**EXERCISE MATERIALS**

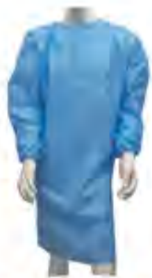
SJ17 - Sterile SMS Surgical Gown Size: 120 x 140cm(L), 125 x 145cm(XL), 130 x 150cm(XXL), etc. Color: blue, green, white, etc. Material: SMS. Weight: 30g/m 2 , 35g/m 2 , 40g/m 2 , 45g/m 2 , etc. Packaging: 1pc/pouch.
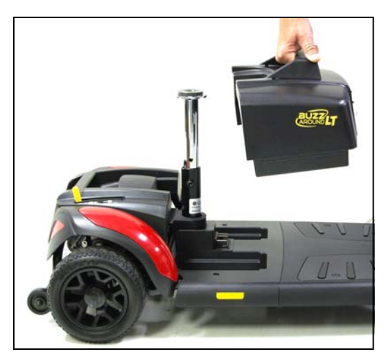
Figure 15. Removing the Battery Pack
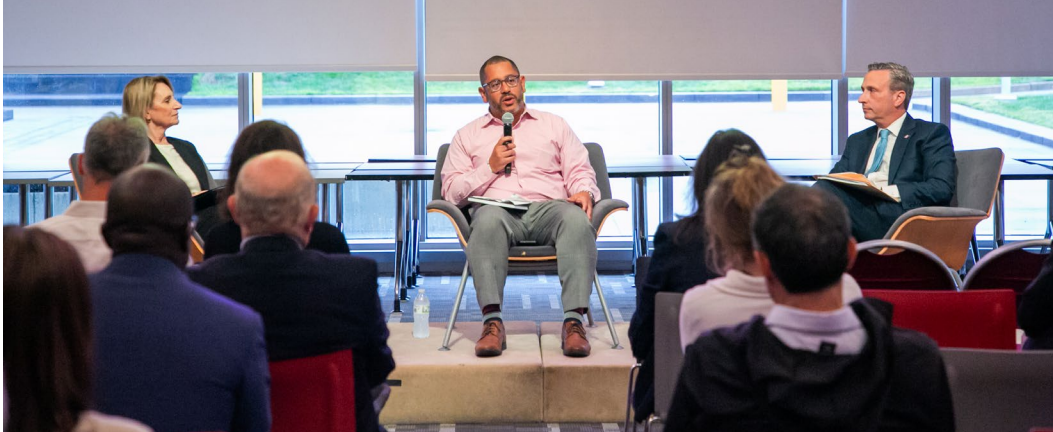
The Fairfield County Center for Housing Opportunity hosted a “Fairfield County Talks Housing” conversation with the CT General Assembly Majority Leaders in August 2025.
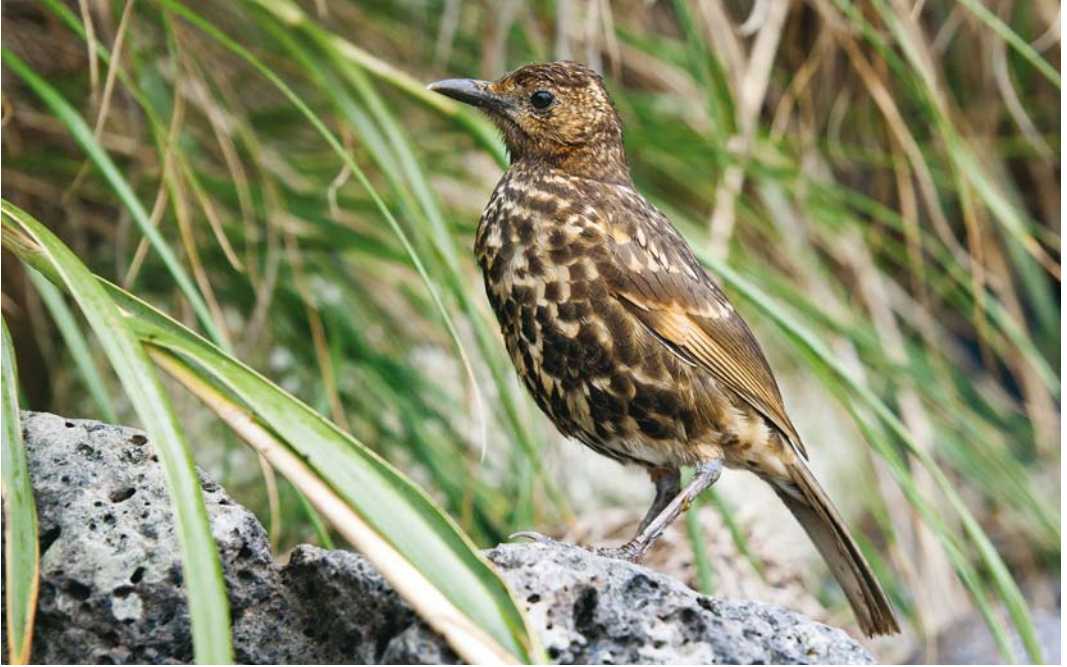
170 Tristan Thrush / Tristanlijster Turdus eremita gordoni , Inaccessible Island, South Atlantic Ocean, 13 April 2011 (Garry Bakker)
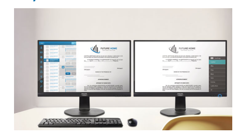
EasyRead mode for a paper-like reading experience
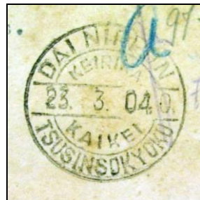
581 DN in narrow outer circle
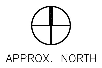
1 COMPOUND PLAN SCALE: 1/4" = 1'-0"

**TASK TO CARRY OUT**
Where a record above contains a picture, leave the picture out and transcribe everything else exactly.

**COMPLETED EXERCISE**
SJ17 - Sterile SMS Surgical Gown Size: 120 x 140cm(L), 125 x 145cm(XL), 130 x 150cm(XXL), etc. Color: blue, green, white, etc. Material: SMS. Weight: 30g/m 2 , 35g/m 2 , 40g/m 2 , 45g/m 2 , etc. Packaging: 1pc/pouch.
Figure 15. Removing the Battery Pack
The Fairfield County Center for Housing Opportunity hosted a “Fairfield County Talks Housing” conversation with the CT General Assembly Majority Leaders in August 2025.
170 Tristan Thrush / Tristanlijster Turdus eremita gordoni , Inaccessible Island, South Atlantic Ocean, 13 April 2011 (Garry Bakker)
EasyRead mode for a paper-like reading experience
581 DN in narrow outer circle
1 COMPOUND PLAN SCALE: 1/4" = 1'-0"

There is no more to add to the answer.